*TASK TO COMPLETE*
Each line of data below is to be returned exactly, leaving out any picture.

*GIVEN DATA*
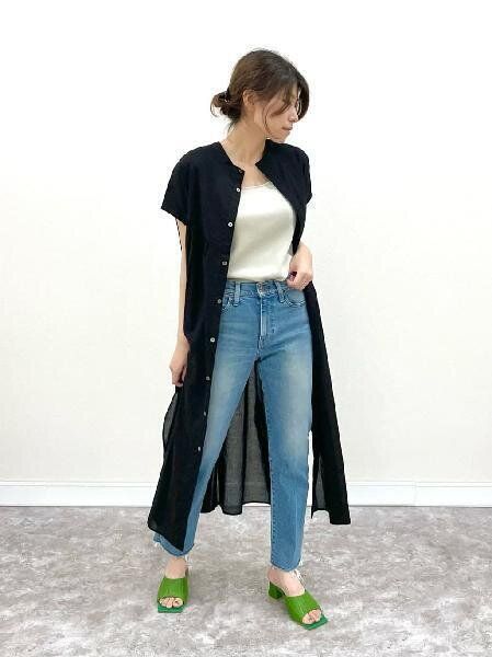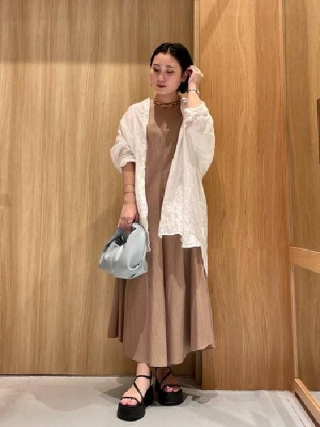 薄くて軽いシャツワンピースは夏の羽織に最適。ロング丈のものを選ぶことで、お腹や尻まわりもオシャレに体型カバーできます。
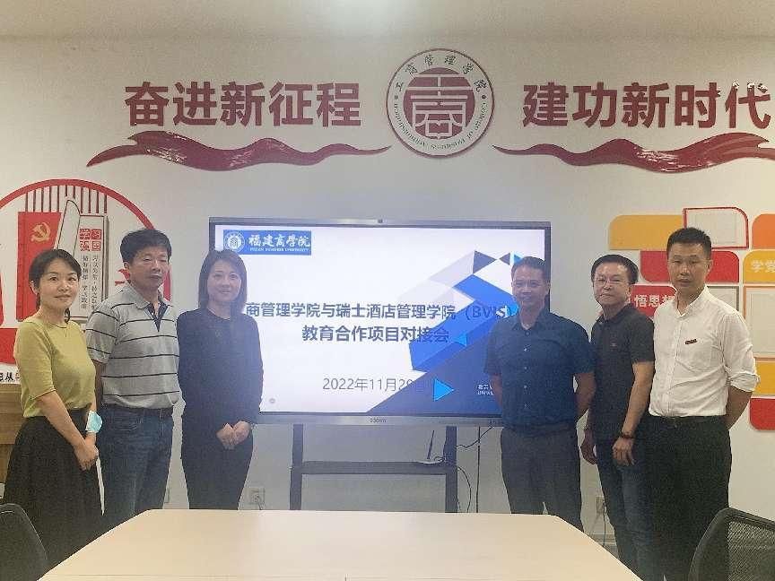 为进一步加强国际交流,培养更多具有国际视野的人才,推进ac米兰官方网站国际化发展,ac米兰官方网站对外合作处、ac米兰官方网站与瑞士高等商学院(BVIS)校方代表于11月29日下午在ac米兰官方网站会议室举行了教育合作项目对接会。我校对外合作处何文贤处长、ac米兰官方网站纪孝清副院长、林龙博士、瑞士高等商学院(BVIS)校方代表蒋婷主任及福州联络人魏露珍女士、育达行政主任黄晓参加了会议。
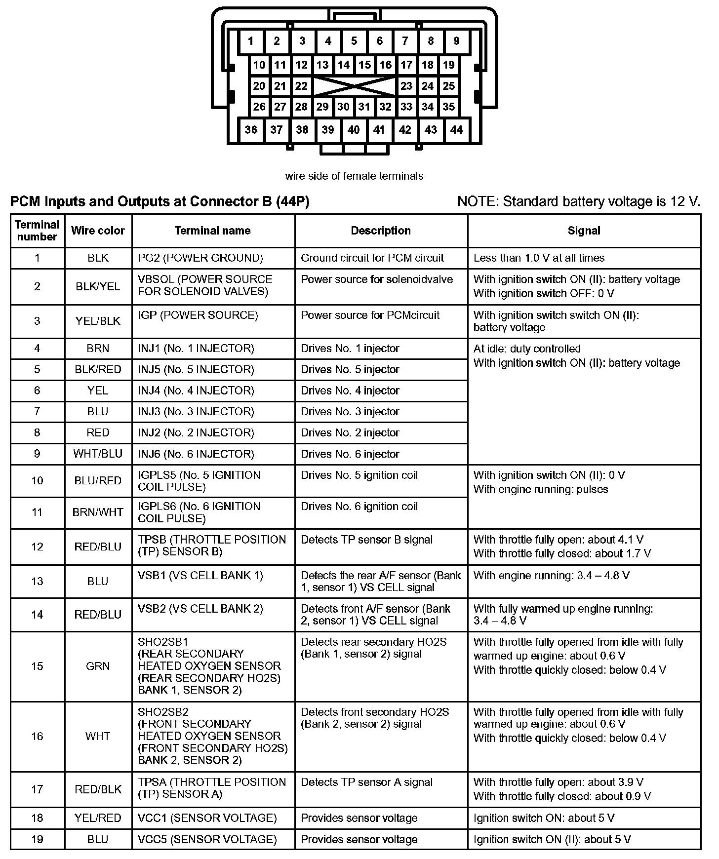 PCM Inputs And Outputs At Connector B (44P) Part 1:
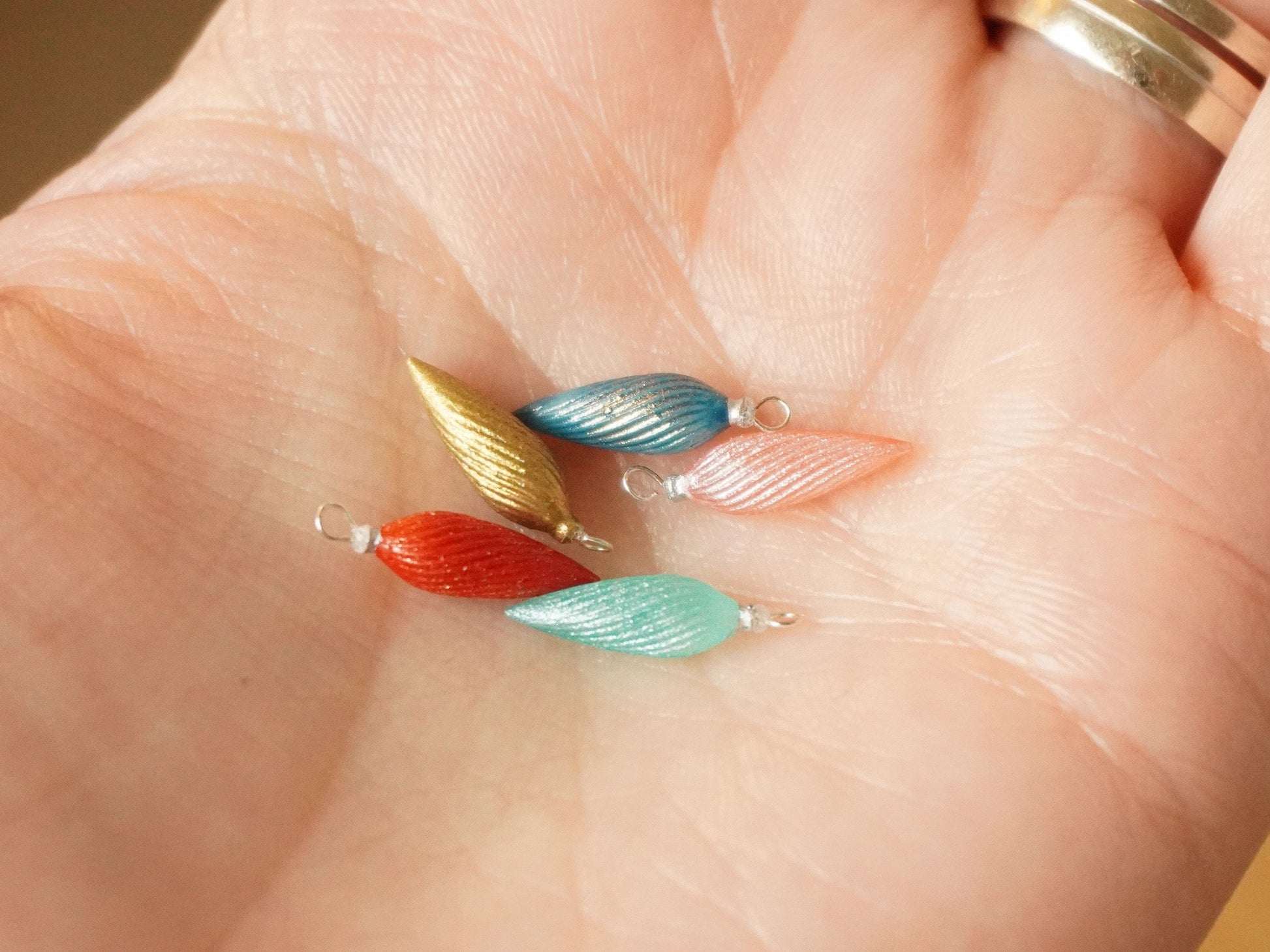 These are 3d printed in high quality resin and painted in different festive colors. They also have handmade attached hooks.
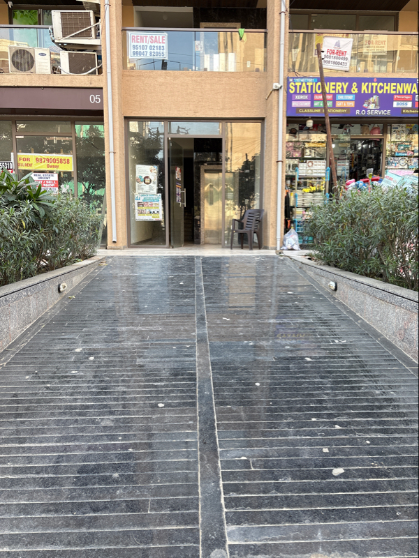 There is a ramp without a railing, and there is an elevator to access the above floors. Its a less accessible place
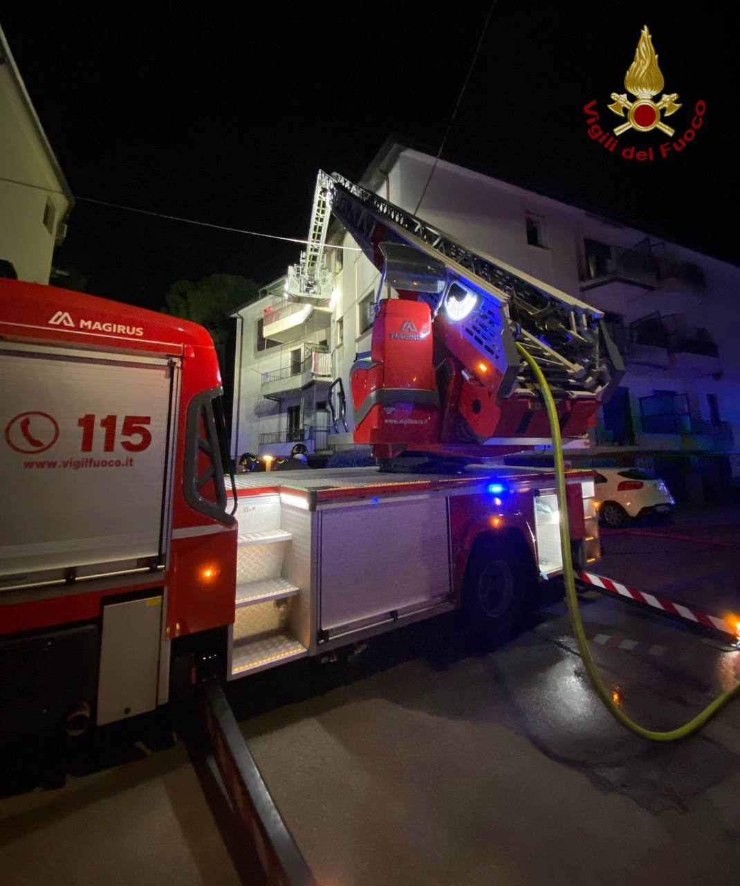 Al momento dell’arrivo dei soccorsi, due persone – un anziano e la sua badante erano riusciti a rifugiarsi su un terrazzino, da dove sono stati rapidamente evacuati grazie all’intervento dell’autoscala dei Vigili del Fuoco. L’incendio è stato domato con prontezza, e i locali interessati sono stati messi in sicurezza.
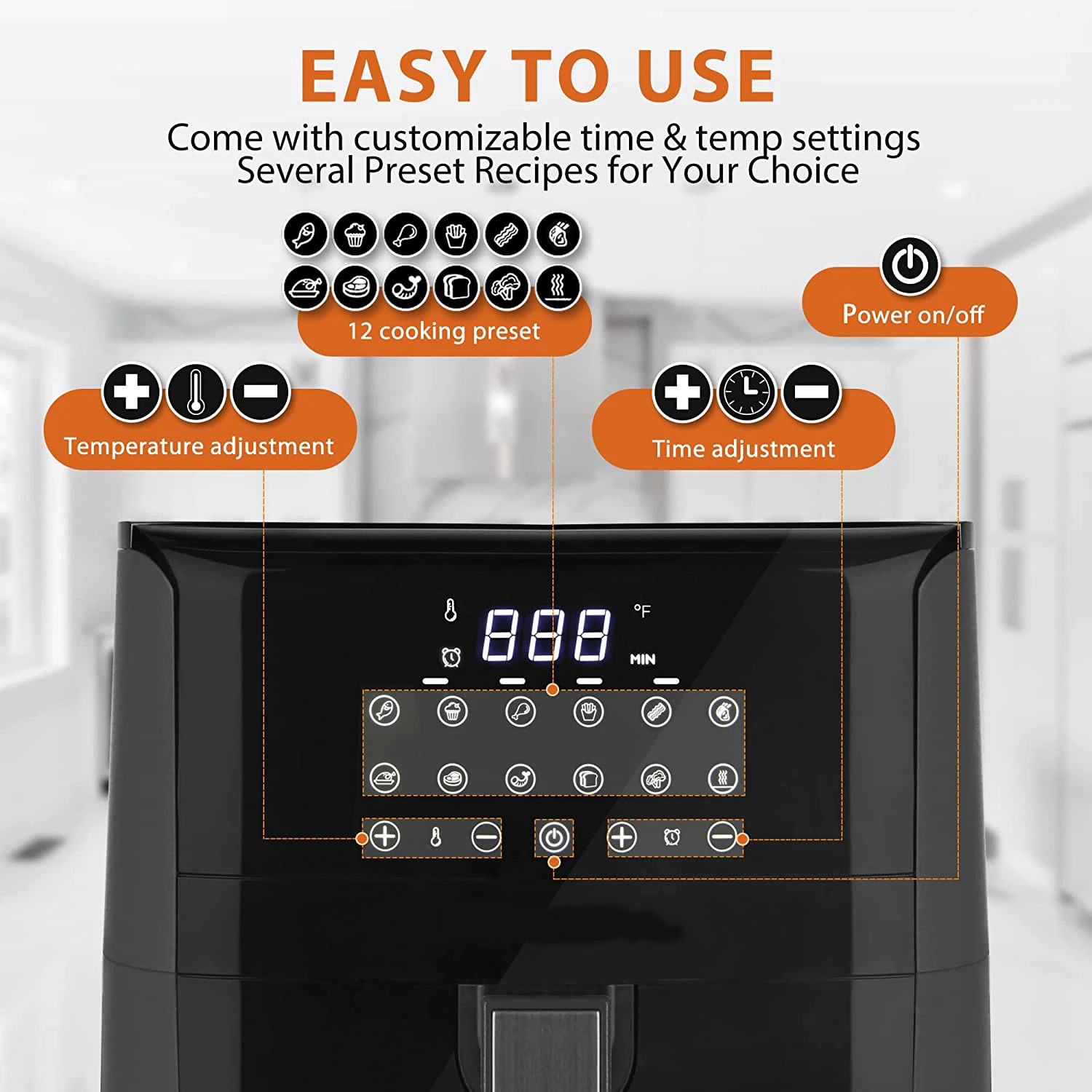 قلاية هوائية ديجيتال بسعة 7 لتر، مثالية للاستخدام اليومي. قوة 1700 واط لأداء فعال وسريع. تتميز بتحكم رقمي سهل وبرامج طهي مسبقة. استمتع بوجبات مقرمشة ولذيذة مع تقليل استهلاك الدهون بشكل كبير.
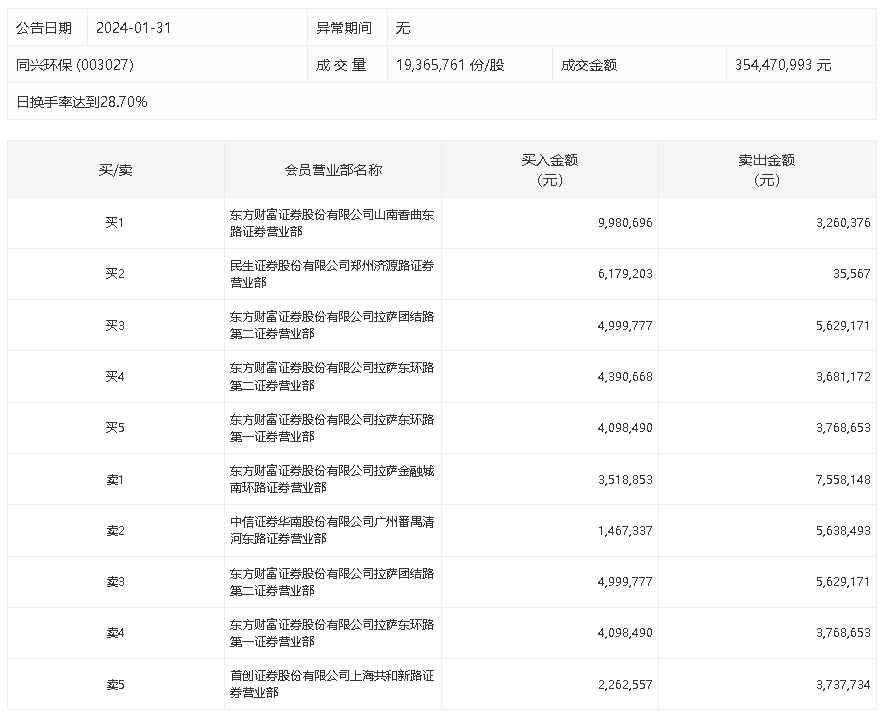 1月31日,同兴环保今日跌停,全天换手率达29.05%,振幅达9.51%。龙虎榜数据显示,营业部席位合计净买入358.83万元。其中,东方财富证券拉萨金融城南环路证券营业部、中信证券华南广州番禺清河东路证券营业部分别卖出755.81万元、563.85万元;东方财富证券山南香曲东路证券营业部、民生证券郑州济源路证券营业部分别买入998.07万元、617.92万元。

*SOLUTION FOR THIS EXERCISE*
 薄くて軽いシャツワンピースは夏の羽織に最適。ロング丈のものを選ぶことで、お腹や尻まわりもオシャレに体型カバーできます。
 为进一步加强国际交流,培养更多具有国际视野的人才,推进ac米兰官方网站国际化发展,ac米兰官方网站对外合作处、ac米兰官方网站与瑞士高等商学院(BVIS)校方代表于11月29日下午在ac米兰官方网站会议室举行了教育合作项目对接会。我校对外合作处何文贤处长、ac米兰官方网站纪孝清副院长、林龙博士、瑞士高等商学院(BVIS)校方代表蒋婷主任及福州联络人魏露珍女士、育达行政主任黄晓参加了会议。
 PCM Inputs And Outputs At Connector B (44P) Part 1:
 These are 3d printed in high quality resin and painted in different festive colors. They also have handmade attached hooks.
 There is a ramp without a railing, and there is an elevator to access the above floors. Its a less accessible place
 Al momento dell’arrivo dei soccorsi, due persone – un anziano e la sua badante erano riusciti a rifugiarsi su un terrazzino, da dove sono stati rapidamente evacuati grazie all’intervento dell’autoscala dei Vigili del Fuoco. L’incendio è stato domato con prontezza, e i locali interessati sono stati messi in sicurezza.
 قلاية هوائية ديجيتال بسعة 7 لتر، مثالية للاستخدام اليومي. قوة 1700 واط لأداء فعال وسريع. تتميز بتحكم رقمي سهل وبرامج طهي مسبقة. استمتع بوجبات مقرمشة ولذيذة مع تقليل استهلاك الدهون بشكل كبير.
 1月31日,同兴环保今日跌停,全天换手率达29.05%,振幅达9.51%。龙虎榜数据显示,营业部席位合计净买入358.83万元。其中,东方财富证券拉萨金融城南环路证券营业部、中信证券华南广州番禺清河东路证券营业部分别卖出755.81万元、563.85万元;东方财富证券山南香曲东路证券营业部、民生证券郑州济源路证券营业部分别买入998.07万元、617.92万元。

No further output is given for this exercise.